Carter’s costumes based on real and imaginative characters provide an arc to the narratives of African Americans from DO THE RIGHT THING, MALCOLM X, WHAT’S LOVE GOT TO DO WITH IT, AMISTAD, THE BUTLER, MARSHALL, SELMA, DOLEMITE IS MY NAME, COMING 2 AMERICA to BLACK PANTHER: WAKANDA FOREVER. Her devotion to retraining the eye to see beauty through costume design and telling stories that enrich the humanity of the Black experience cements her legacy as a preeminent voice and expert on period genres and Afro aesthetics.

Carter’s outstanding costume design work has been honored with Academy Award nominations for MALCOLM X (1993) and AMISTAD (1998) and an Emmy nomination for the miniseries reboot of ROOTS (2016).

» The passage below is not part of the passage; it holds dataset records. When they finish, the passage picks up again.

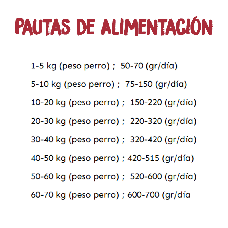Componentes analíticos: Proteína: 41%, teor de gordura: 20%, fibra bruta: 2,5%, matéria inorgânica: 8,5%, humidade: 8%, Omega 6: 3,8%, Omega 3: 0,4%, cálcio: 1,5%, fósforo: 1%.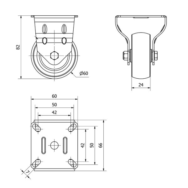 Rueda goma fija Alex diametro 60 mm. modelo TW0234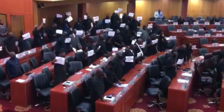 Minority MPs, dressed in black, chanted patriotic songs, banged tables, and hooted at the Clerk of Parliament, Ebenezer Ahumah Djietror, who had earlier attempted to maintain order.
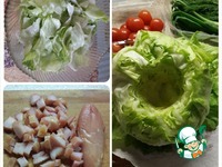 Описание: Быстренький салат с насыщенным вкусом на все случаи жизни)) частенько делаю после работы-приготовление занимает 15-20 минут. Вместо сыровяленого мяса курицы, которое в супермаркетах продается как карпаччо, можно использовать креветки, слабосоленую красную рыбку или обычные куриные грудки отварные или обжаренные.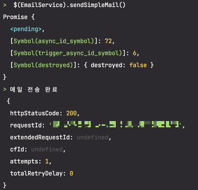 NestJS의 신기능인 REPL로 직접 sendSimpleEmail 함수를 호출해보았습니다. ㅎㅎ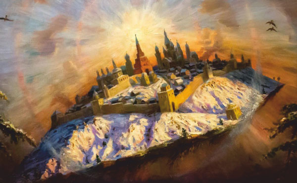 Юбилейная экспозиция в «Хазинэ» представляет творчество живописца в ретроспективе – с конца 1980-х годов и по настоящее время. Центральное место занимают исторические картины, посвящённые периоду расцвета Казанского ханства и трагическим событиям, связанным с падением его столицы. Среди них знаменитая серия «Вечная Казань» (на снимке).
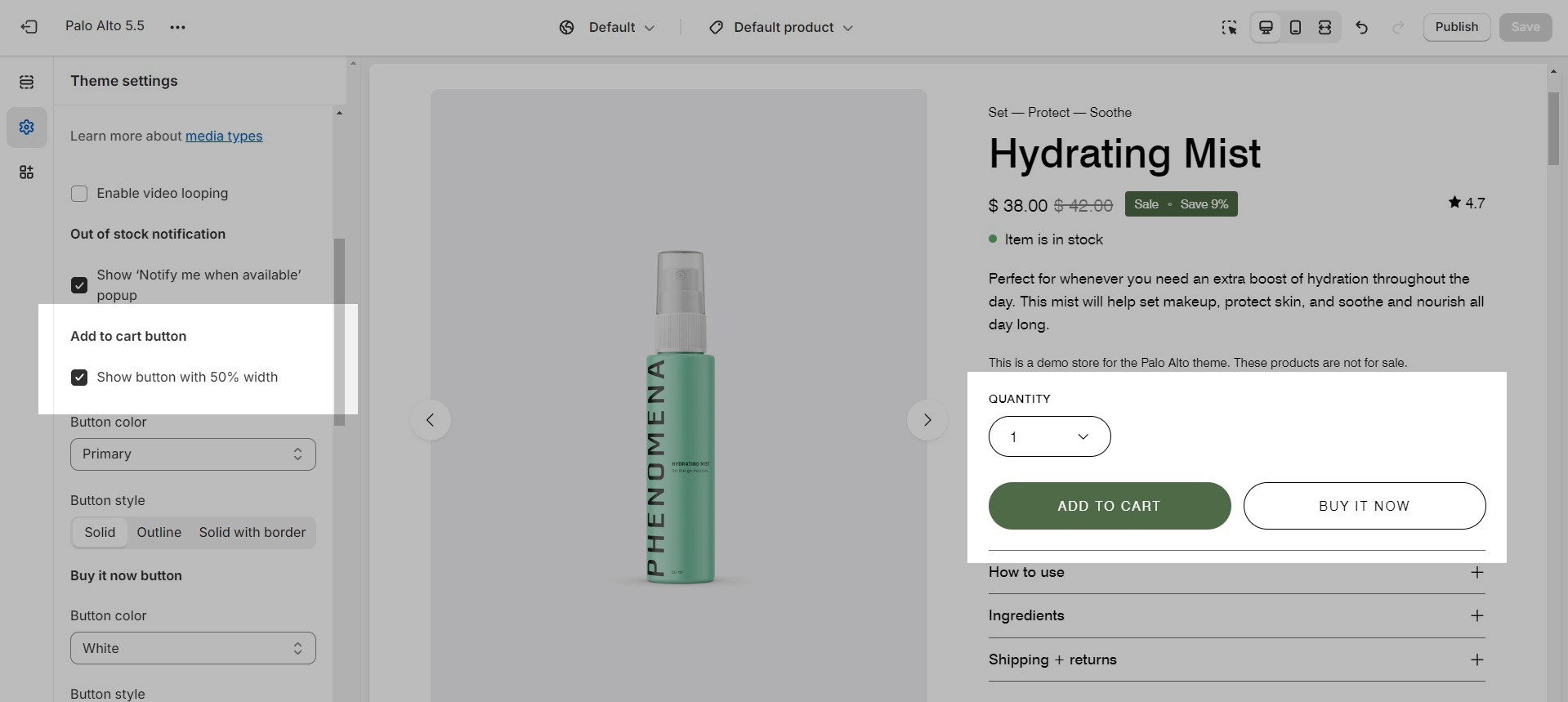 The 'add to cart' and dynamic checkout buttons, on product pages, have the option to be displayed with either half or full-width:

The impact of her career in filmmaking has been recognized with the Costume Designers Guild’s Career Achievement Award (2019) and a star on the Hollywood Walk of Fame
(2021). She is also a member of the board of governors for the Academy of Motion Pictures Arts and Sciences. Her costumes serve as an American treasure of history and culture and are on display in a traveling museum exhibition titled “Afrofuturism in Costume Design” and in her book “The Art of Ruth E. Carter” – a behind-the-scenes journey in creating the most iconic costumes in filmmaking available May 2023.

Carter is beloved in her hometown of Springfield, Massachusetts and was given the key to the city for her achievements and service to the community (2021). She is a graduate of Hampton University, Virginia (HBCU) and most recently served as their commencement speaker and was given the distinction of honorary doctorate. She holds an additional honorary doctorate from Suffolk University, Massachusetts.